[Records for processing]

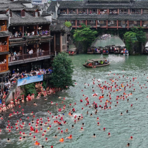 湘西凤凰,当地端午传统习俗历经百年依旧鲜活。在凤凰古城,沱江之上的龙舟竞渡和“抢鸭子”活动再现了沈从文《边城》中的热闹场面——500只活泼的鸭子被投入江中,头戴小红帽的游泳健儿们迅速跃入水中,展开一场速度与智慧的较量。
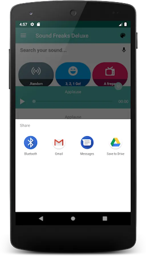 ✔ You can share the sounds in all apps that allow sharing. (Bluetooh, Wifi, NFC, Social Networks..)
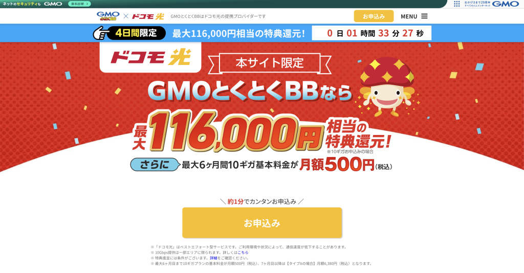 キャンペーン | ・最大116,000円の特典還元 ・最大6ヶ月目まで月額料金500円 ・ルーター無料レンタルあり |
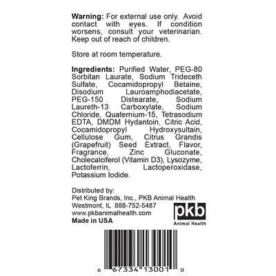 Agua purificada, PEG-80 Laurato de sorbitán, trideceth sulfato de sodio, cocamidopropil betaína, lauroanfodiacetato disódico, diestearato de PEG-150, lauril éter 13 carboxilato de sodio, cloruro de sodio, cuaternio-15, EDTA tetrasódico, DMDM hidantoína, ácido cítrico, cocamidopropil hidroxisultaína, goma de celulosa, extracto de semilla de Citrus grandis (pomelo), saborizante, fragancia, gluconato de zinc, colecalciferol (vitamina D3), lisozima, lactoferrina, lactoperoxidasa, yoduro de potasio.
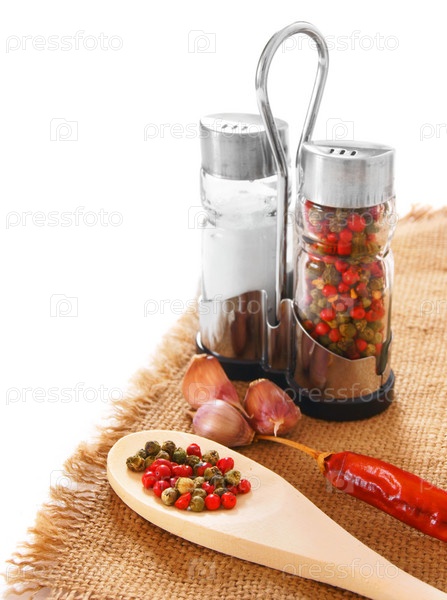 Перец, соль и чеснок на старой ткани

[/Records for processing]

◆ About this exercise ◆
All that belongs in the answer is the lines from the line with "Agua purificada, PEG-80" through the closing line of the entries, inclusive, transcribed exactly and free of pictures.

◆ Output of the task ◆
 Agua purificada, PEG-80 Laurato de sorbitán, trideceth sulfato de sodio, cocamidopropil betaína, lauroanfodiacetato disódico, diestearato de PEG-150, lauril éter 13 carboxilato de sodio, cloruro de sodio, cuaternio-15, EDTA tetrasódico, DMDM hidantoína, ácido cítrico, cocamidopropil hidroxisultaína, goma de celulosa, extracto de semilla de Citrus grandis (pomelo), saborizante, fragancia, gluconato de zinc, colecalciferol (vitamina D3), lisozima, lactoferrina, lactoperoxidasa, yoduro de potasio.
 Перец, соль и чеснок на старой ткани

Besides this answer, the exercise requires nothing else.